Fiona showed how she uses OneNote, incorporating her timetable, year folders, general resources and link discoveries all in one place. Within individual year folders, she has her lesson plans laid out - including activities and links to resources to be used within each lesson, so that there is no need to be constantly searching for PowerPoints, video clips or audio resources - they are already linked within her daybook. In other words, her programs 'live' in OneNote.

Fiona has her OneNote daybook open most of the day, and it is therefore also ready for easy followup reflection on class activities, and can be edited to make changes to future plans. She also has templates of class activities to share with her classes, helping students to organise their information and classwork.

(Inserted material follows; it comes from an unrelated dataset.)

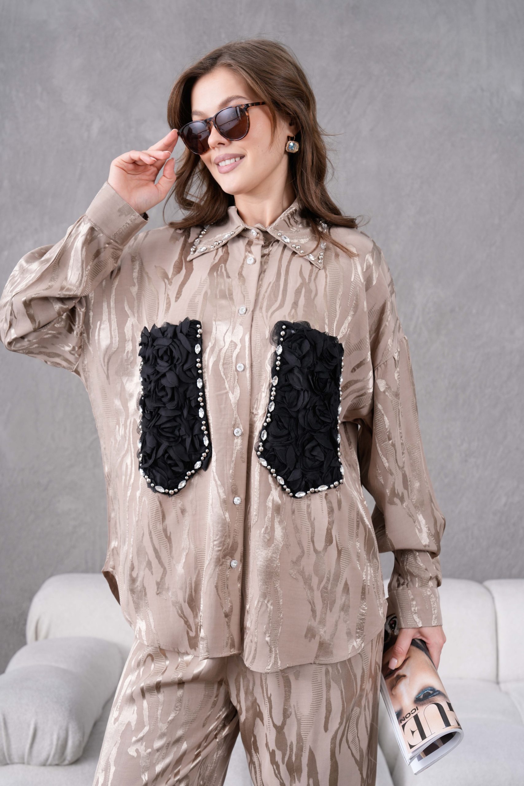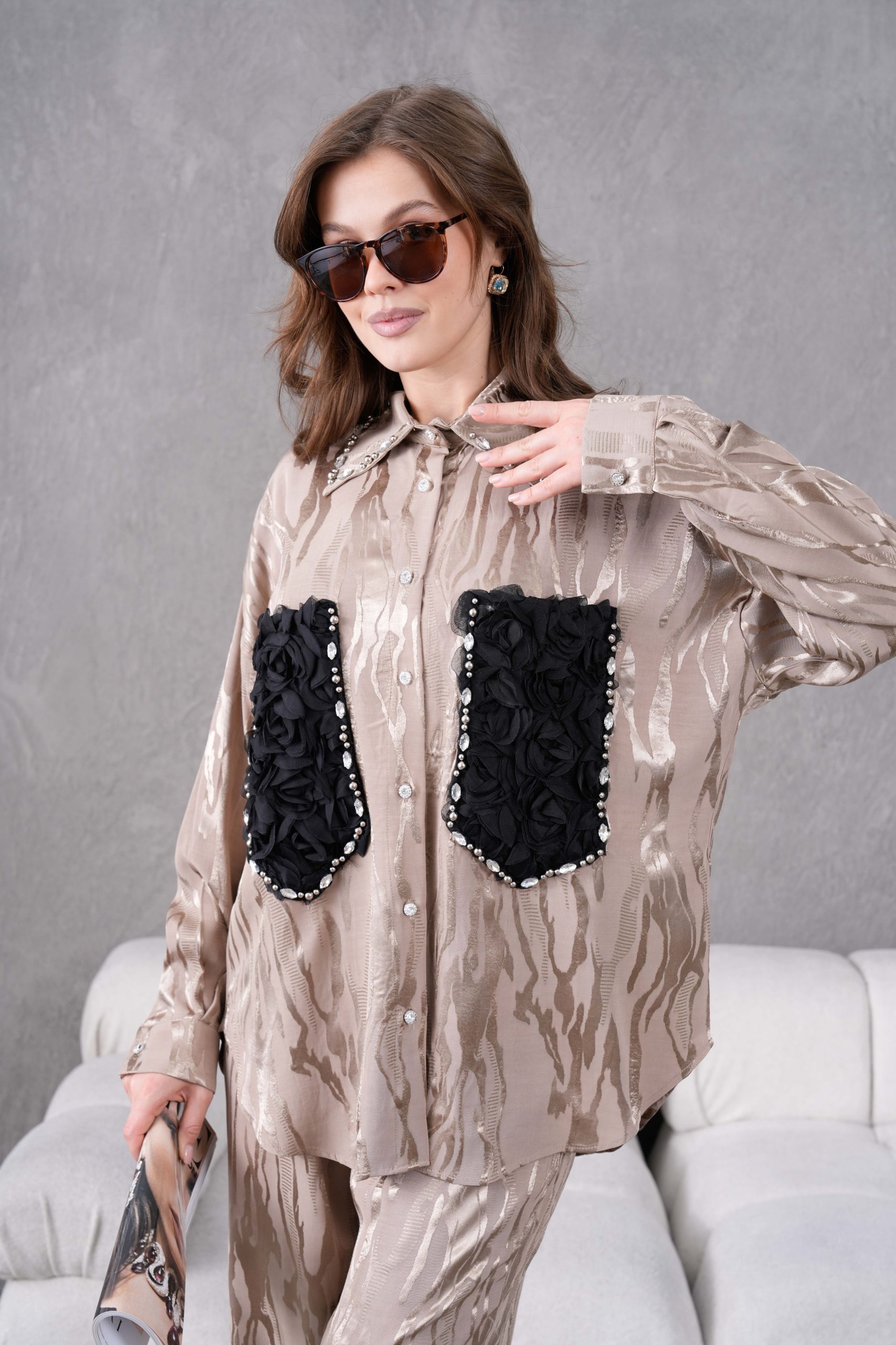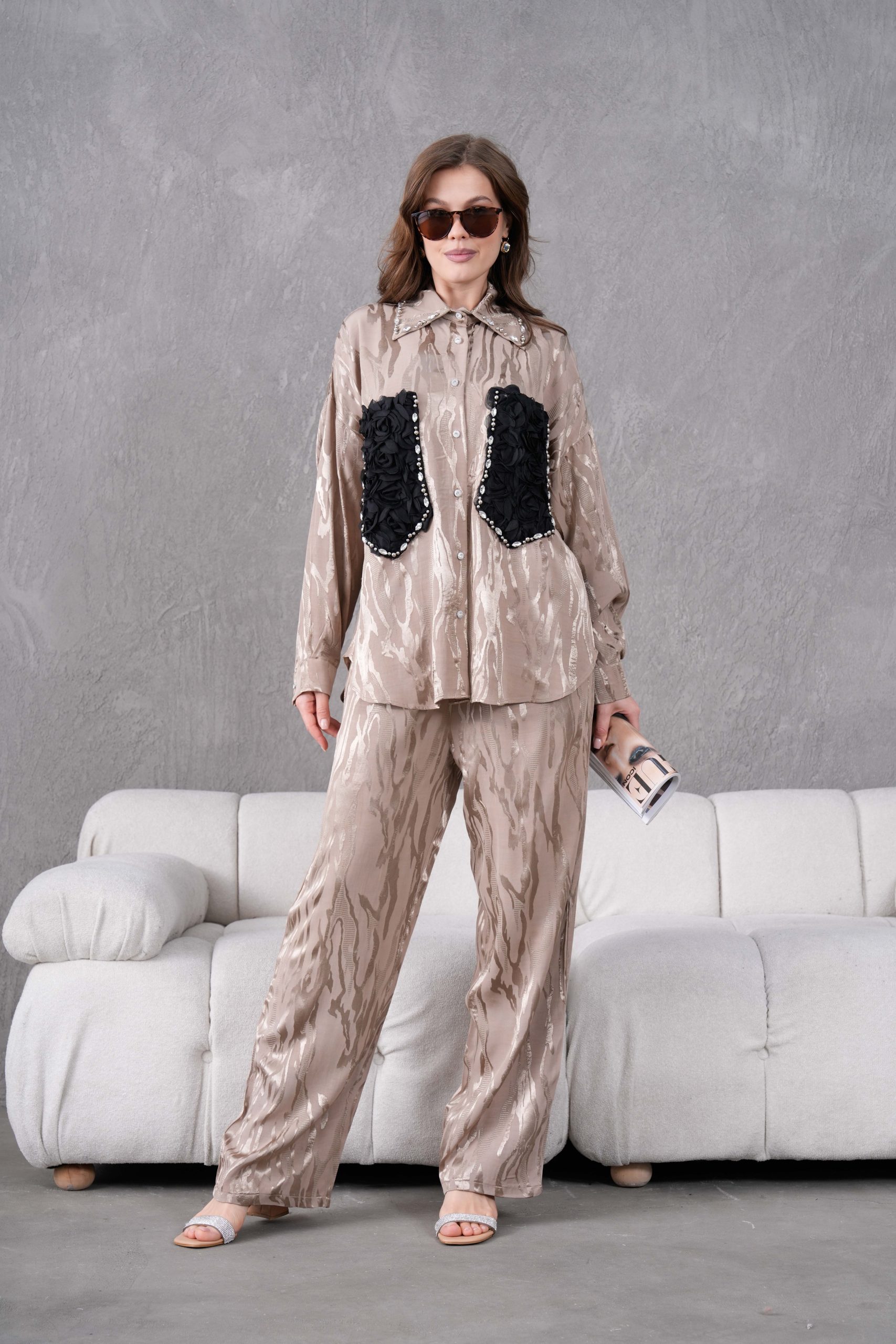Taş İşlemeli Büyük Cepli Jakar Gömlek Ve Pantolon Takım

OneNote is part of the MSOffice suite and can also be used as a shared platform for group planning (used extensively by some JS staff).

Evernote is another program which can be used to organise your daybook, while incorporating many electronic advantages for planning, tracking and reflecting on day-to-day classwork.

Leanne showed how she too has her lesson plans 'alive online', well organised according to class and year groups, with similar facilities to edit and track the progress of her class activities. Rolls can be marked electronically, and again the transfer of information digitally enables the organisation of links and resources for easy use within lessons. Content can also be printed or stored where required for registration purposes, and it is easy to provide information to others (e.g. absent students) via email, etc.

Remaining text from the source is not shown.